The exploration of the generations of the children photographed came from an earlier collection done by Adams called We Are Still Here. It also shows a deeper representation of Indigenous resilience. Adams took the pictures of the children after the discovery of unmarked graves at a former residential school site on the Tk'emlups te Secwépemc First Nation near Kamloops, B.C. back in 2021.
“I wanted to take the narrative back,” says Adams of that creative moment, which saw her take pictures of Indigenous children who were chosen because they were the same age as those who would have attended residential school. “I had learned about the unmarked graves actually in Brandon first,” she says, referring to unmarked grave sites that are being examined in Sioux Valley Dakota Nation. “By the time [Kamloops] happened, I knew what I had to do. I knew I had to create a piece that talks about our resilience, our strength and how that knowledge and how that knowledge and blood memory is in each and every one of us.”

The bead and quill work that is superimposed on the photos of the children takes on a whole new meaning as ancestors inextricably linked to the future, constantly in relationship with the past. This intergenerational relationship is where Adams derives her title as a relational maker as opposed to merely an artist.

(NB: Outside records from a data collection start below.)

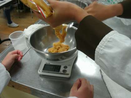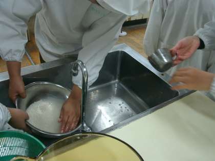 米を洗ったり、みその計量をしているところです。
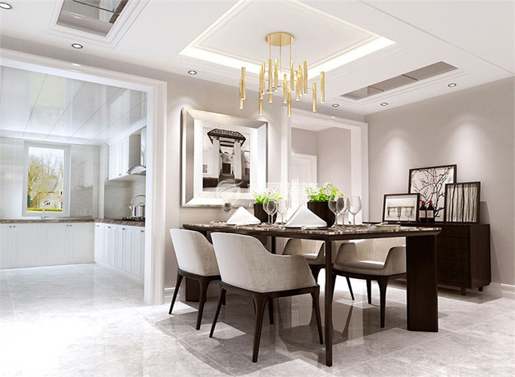 本案餐厅没有什么复杂的装饰,木色的背景给业主带来了一种温馨,让业主在就餐的过程中可以得以放松。
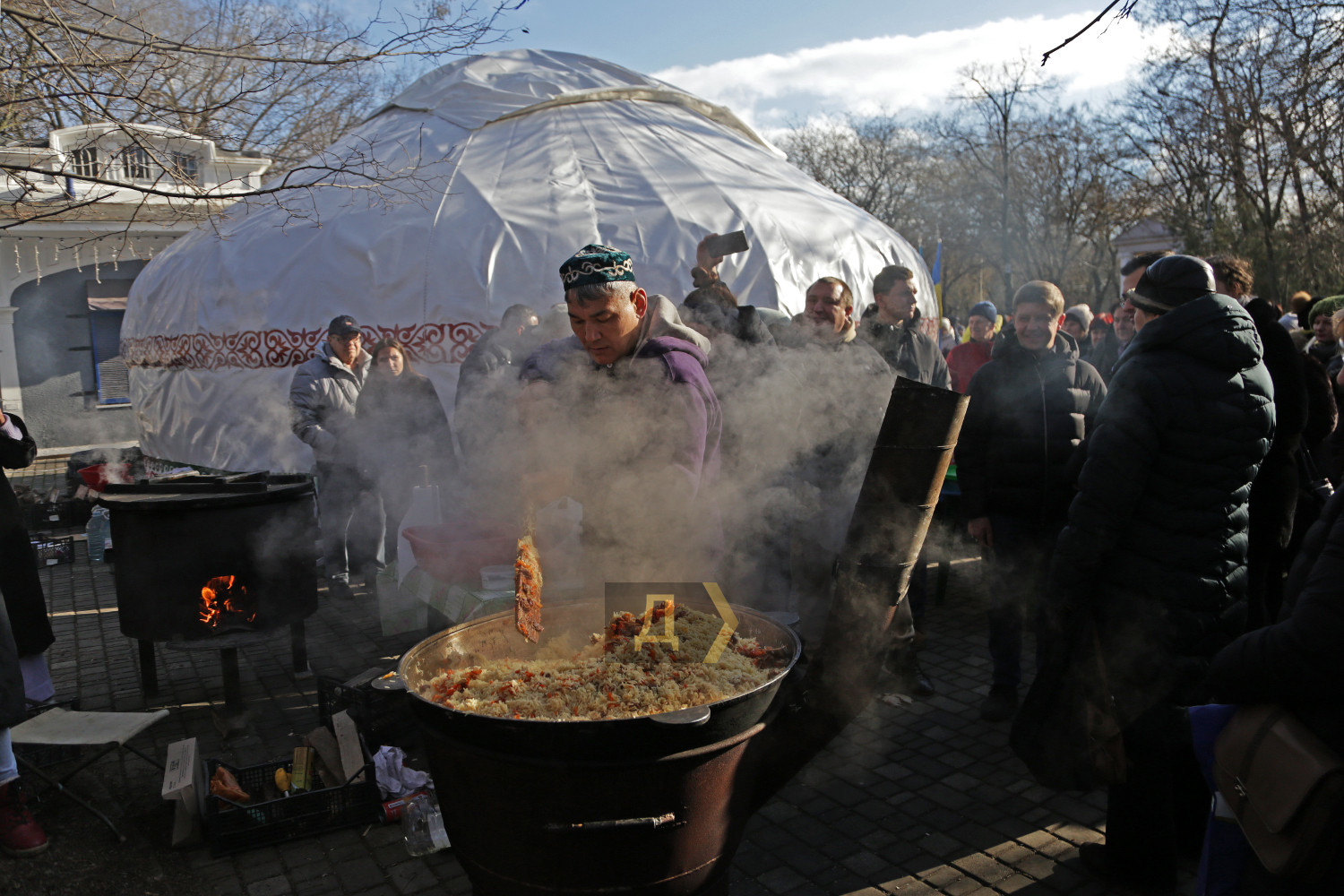 Юрту незламності відкрила в неділю казахська діаспора в Одесі. Це вже п'ятий куточок казахської культури, відкритий в українських містах після повномасштабного вторгнення рф. «Сьогодні в одеському парку Шевченка відкрили п'яту в Україні юрту незламності. Це дуже символічно, адже Кобзар відбував заслання за указом російського царя саме в Казахстані. Тут можна обігрітися, зарядити гаджети та познайомитися з культурою Казахстану. Підтримка казахського народу в найважливіші історичні часи для України завжди залишиться в нашій пам'яті», — зазначив депутат Одеської облради, член фракції «Європейської Солідарності» Февзі Мамутов. Марат Дарменов, який збирав найпершу юрту в Бучі, неспішно помішує у величезному чані ароматний плов і розповідає, з чого все починалося. «Перший великий казахський плов я готував у Гостомелі, відразу після звільнення цього міста. Спочатку дуже боявся, що не вийде, все-таки 20 кг рису і 100 літрів води, — згадує Марат. — У людей там нічого не було — ні газу, ні електрики, тому бабусі й дідусі підходили, дякували й плакали. Відтоді ми щотижня їздимо туди, готуємо і роздаємо плов». Пізніше Марат брав участь у збиранні й решти чотирьох юрт незламності, відкритих в Україні, хоча до цього востаннє робив це разом із батьками 40 років тому, коли йому було лише дванадцять. «Дзвонить мені поважна людина з Казахстану, каже, я відправив в Україну шість юрт, кажуть, ти вмієш збирати, зустрічай. А я ледве-ледве пам'ятаю, як це робиться, але розібрався, все вийшло. Найпершу юрту поставили в Бучі, потім у Києві, потім Харків, Львів і ось у вас в Одесі», — зазначає Марат. Треба сказати, що доставка юрт в Україну також перетворилася на особливу пригоду. Фура не могла їхати через росію, тому шлях з Алмати через Каспійське море, Азербайджан, Грузію, Туреччину, Болгарію і Румунію з поломками автомобіля зайняв близько місяця. Першу юрту в Бучі почали збирати 3 січня, а офіційне відкриття відбулося через три дні. Юрти незламності також просять встановити в себе Дніпро і Запоріжжя, але наразі залишилася лише одна невелика, яку хочуть поставити в селі Моринці Черкаської області на батьківщині Тараса Шевченка. Поки Марат розповідав нам про доставку та встановлення юрт незламності, за пловом його приготування вишикувалася ціла черга — кілька сотень одеситів терпляче чекали можливості підійти до столу. Досвідчений кухар також розповів про тонкощі приготування плову: «Рис у нас у Казахстані, звичайно, інший, м'ясо з морквою готується внизу великого чана, рис зверху. Перемішується все тільки перед самою подачею на стіл». Частування вдалося на славу, багато хто прийшов сьогодні в парк Шевченка спеціально, щоб спробувати справжній казахський плов. Зігрітися і підзарядити гаджети в юрті можна буде в будь-який час доби. За словами організаторів, вона точно залишиться в Одесі протягом усього березня. Фото Сергія Смоленцева СМЕРТЬ РОСІЙСЬКИМ ОКУПАНТАМ! Помітили помилку? Виділяйте слова з помилкою та натискайте control-enter |
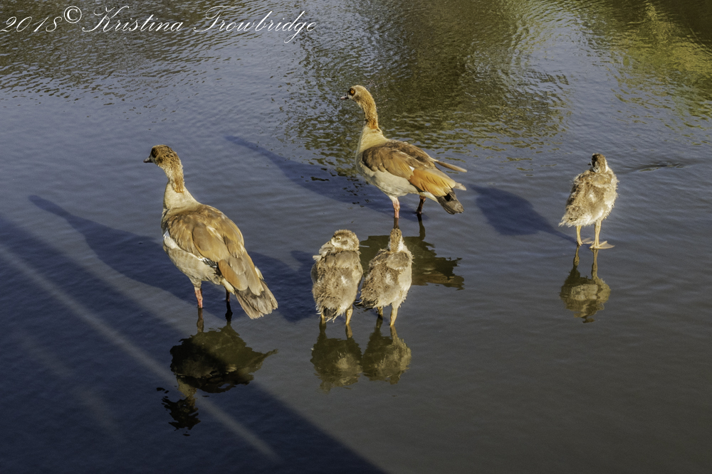 Egyptian geese with chicks & shadows
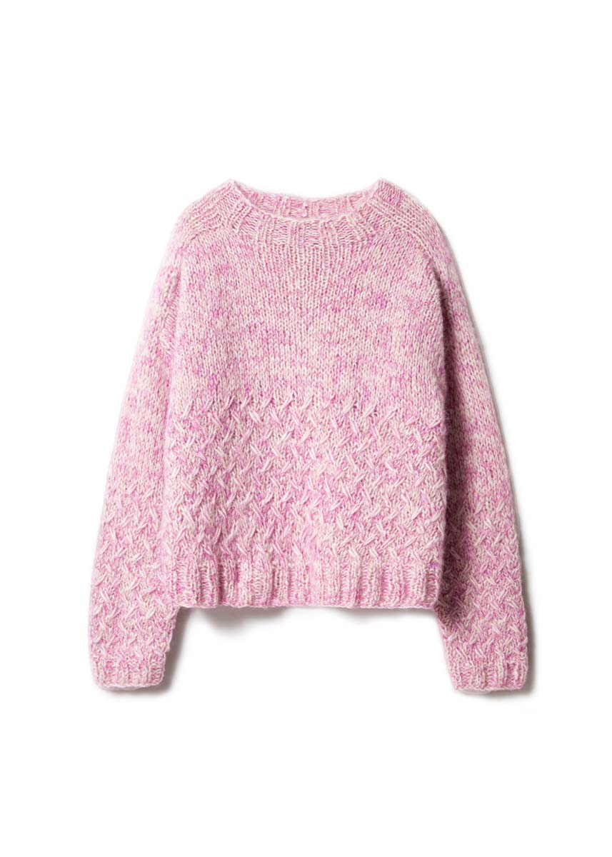 Lana Grossa-kvalitet „Alpaca Air” (62 % (baby) alpacka, 27 % polyamid, 11 % ren ny ull (fin merino), löplängd = ca. 140 m/50 g): ca. 250 (300) g beige (färg 2) och Lana Grossa-kvalitet „Silkhair” (70 % mohair (superkid), 30 % silke, löplängd = ca. 210 m/25 g): ca. 100 (125) g purpurröd (färg 197); stickor nr. 7, 1 rundsticka nr. 7, 50 cm lång.

“Relational making is when an Indigenous person makes something or performs or engages in a way, a creative way that infuses their spiritual, cultural, familial, land-based information,” she explains. “So, to call myself an artist, all of that information, the spiritual understandings and our teachings of relationality, how everything in the universe is connected isn’t taken into account.”

Adams also says that everyone, regardless of their artistic or creative abilities, has the ability to be a relational maker. “It’s not just Indigenous people that can tap into this sort of intuitiveness, this intuitive self,” Adams says. “We all come from somewhere, and at one point in time, we all created. That knowledge is embedded in our bodies. Whether we choose to listen to them or not is what makes you somebody who chooses to continue making.”
“I tell everybody you have that making ability inside of you, otherwise, your ancestors wouldn’t have been able to survive. They passed that knowledge on to you how to make things. You just have to tap into it.”
Seven Generations is on display at Gallery 1C03 at the University of Winnipeg until February 14. Gallery hours are from 12 p.m. to 4 p.m. from Monday through Friday. In addition, a panel discussion on relational making featuring KC Adams is taking place on January 13 at 2:30 p.m. in the U of W’s Convocation Hall. You can learn more about both the gallery and the panel discussion at the University of Winnipeg’s website.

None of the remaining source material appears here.